▶ _About this task_
Further down are entries; set down exactly and only the lines from the one with "Photograph of a" up to and including the one with "Members of the", dropping each picture.

====

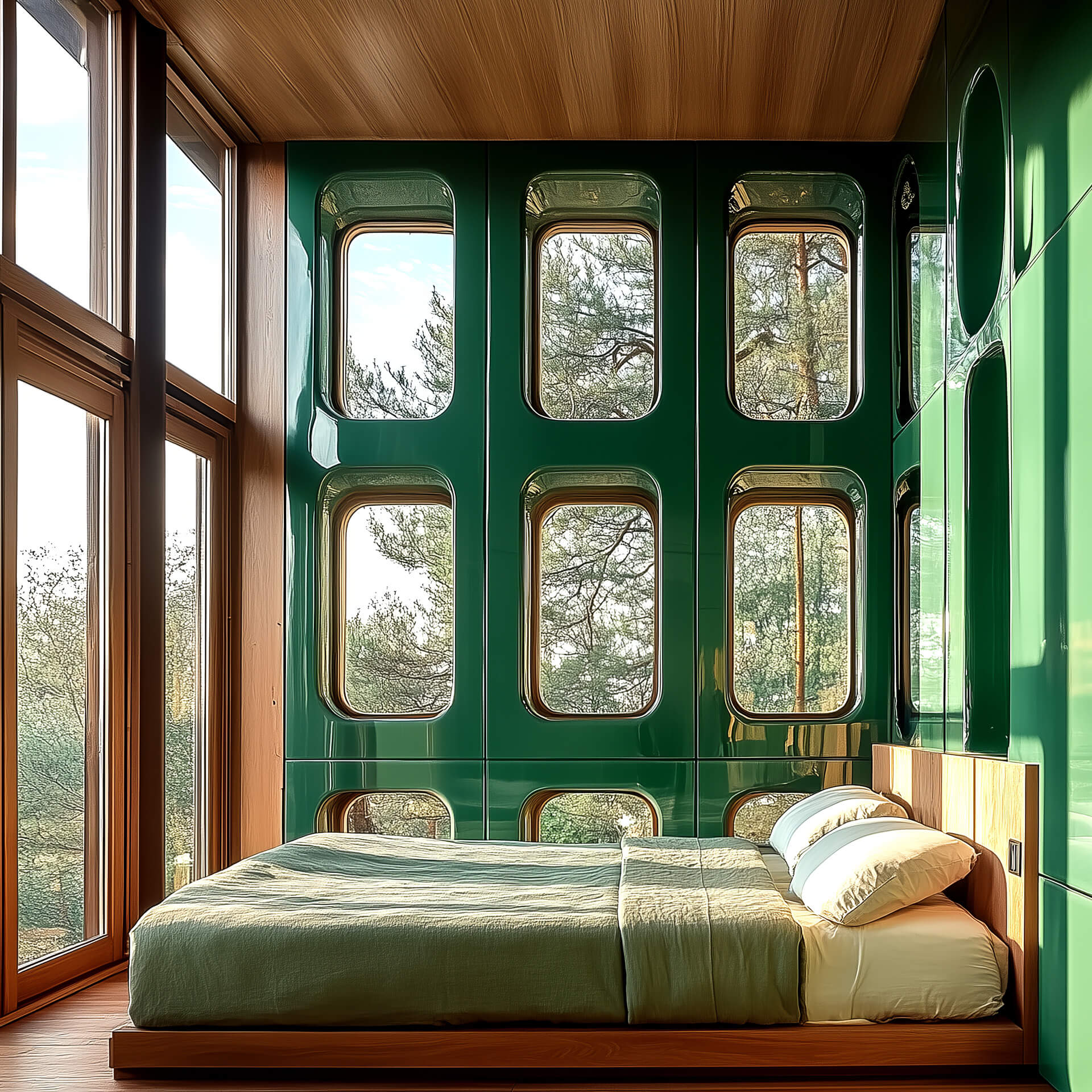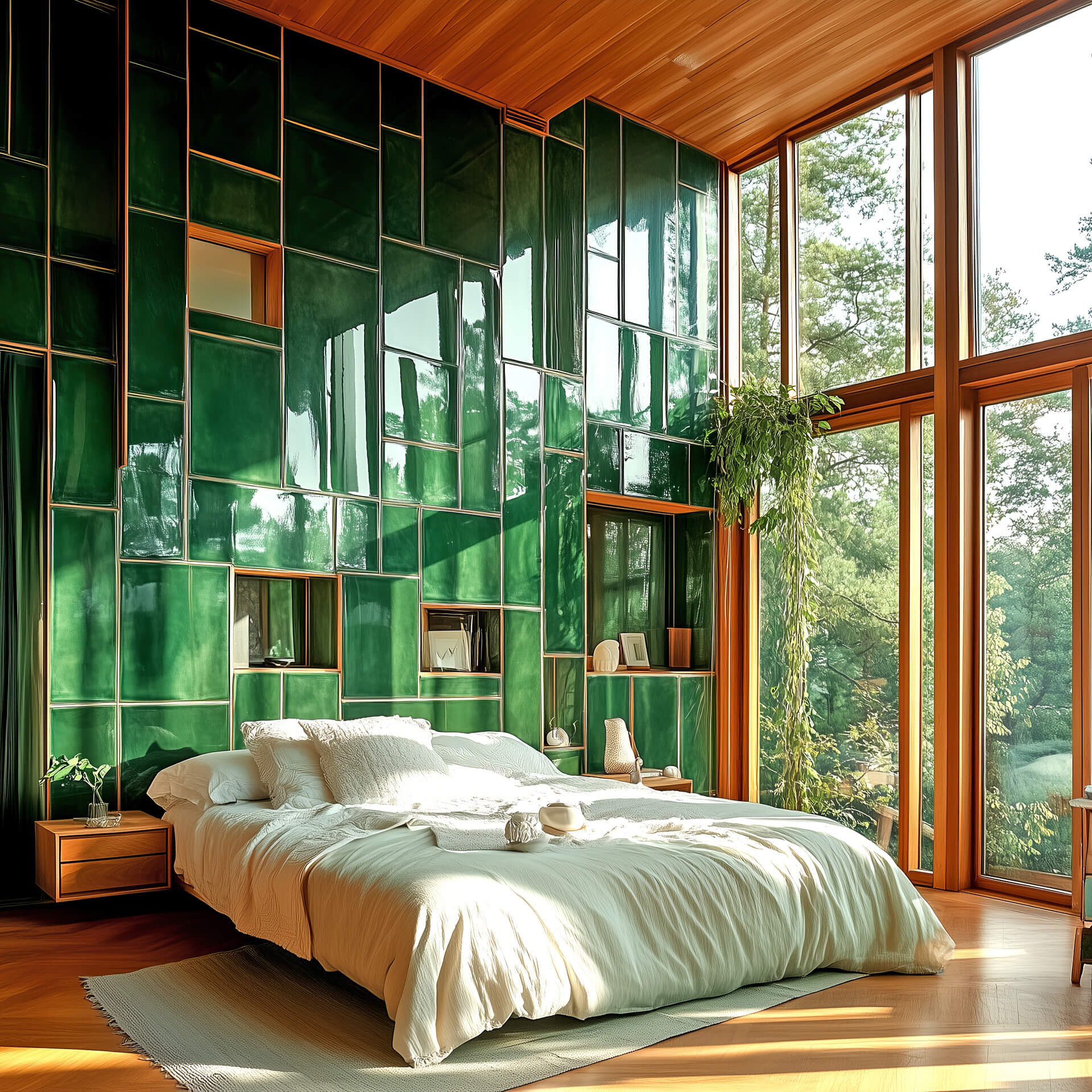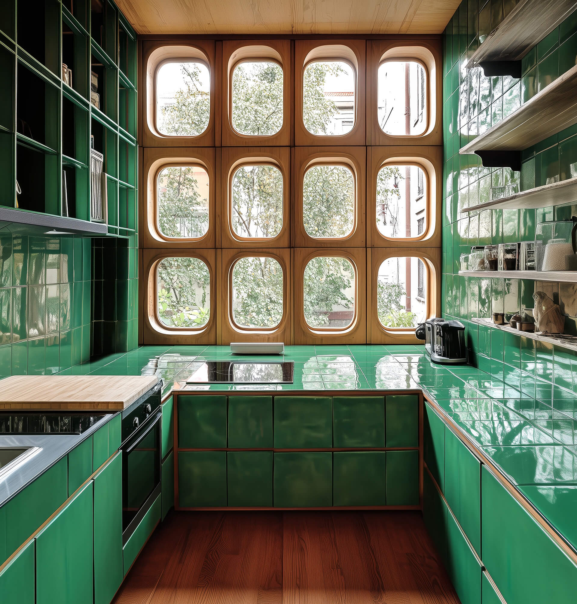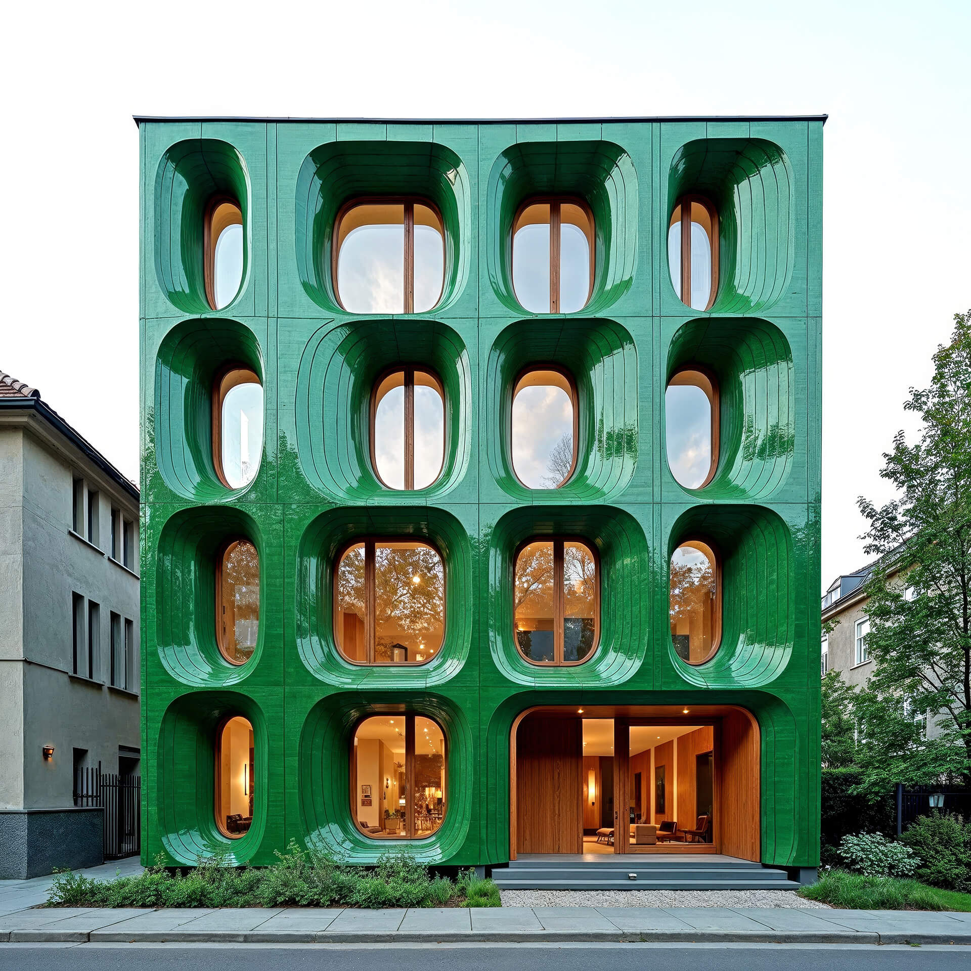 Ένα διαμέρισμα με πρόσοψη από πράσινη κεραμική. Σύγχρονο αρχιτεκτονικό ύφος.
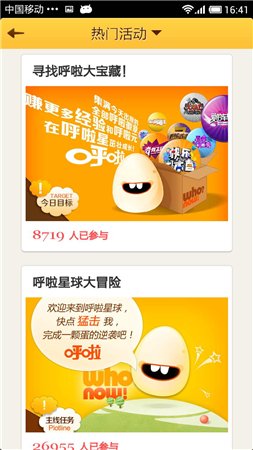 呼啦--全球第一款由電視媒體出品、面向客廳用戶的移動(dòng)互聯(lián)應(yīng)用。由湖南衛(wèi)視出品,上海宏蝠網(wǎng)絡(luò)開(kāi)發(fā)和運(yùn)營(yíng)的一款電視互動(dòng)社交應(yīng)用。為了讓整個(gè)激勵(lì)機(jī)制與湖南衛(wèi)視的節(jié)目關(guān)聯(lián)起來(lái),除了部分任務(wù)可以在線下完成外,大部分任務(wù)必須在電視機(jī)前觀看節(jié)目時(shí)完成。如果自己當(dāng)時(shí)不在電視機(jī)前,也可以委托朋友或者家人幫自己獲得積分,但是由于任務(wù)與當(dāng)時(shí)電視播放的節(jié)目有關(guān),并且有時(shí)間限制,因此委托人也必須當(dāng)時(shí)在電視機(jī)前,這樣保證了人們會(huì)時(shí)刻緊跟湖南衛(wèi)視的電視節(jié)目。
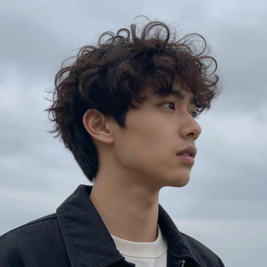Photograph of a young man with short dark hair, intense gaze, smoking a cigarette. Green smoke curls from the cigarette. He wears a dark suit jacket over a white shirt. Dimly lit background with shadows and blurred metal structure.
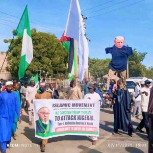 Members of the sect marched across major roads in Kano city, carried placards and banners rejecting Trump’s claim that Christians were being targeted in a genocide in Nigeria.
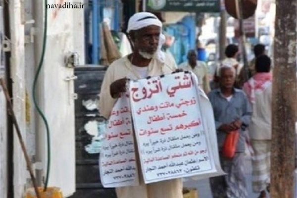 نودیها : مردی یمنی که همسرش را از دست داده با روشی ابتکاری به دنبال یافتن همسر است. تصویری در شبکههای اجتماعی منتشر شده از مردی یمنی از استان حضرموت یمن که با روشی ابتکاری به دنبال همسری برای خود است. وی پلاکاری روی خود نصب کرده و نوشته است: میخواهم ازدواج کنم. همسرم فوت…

====

▶ _Task result_
Photograph of a young man with short dark hair, intense gaze, smoking a cigarette. Green smoke curls from the cigarette. He wears a dark suit jacket over a white shirt. Dimly lit background with shadows and blurred metal structure.
 Members of the sect marched across major roads in Kano city, carried placards and banners rejecting Trump’s claim that Christians were being targeted in a genocide in Nigeria.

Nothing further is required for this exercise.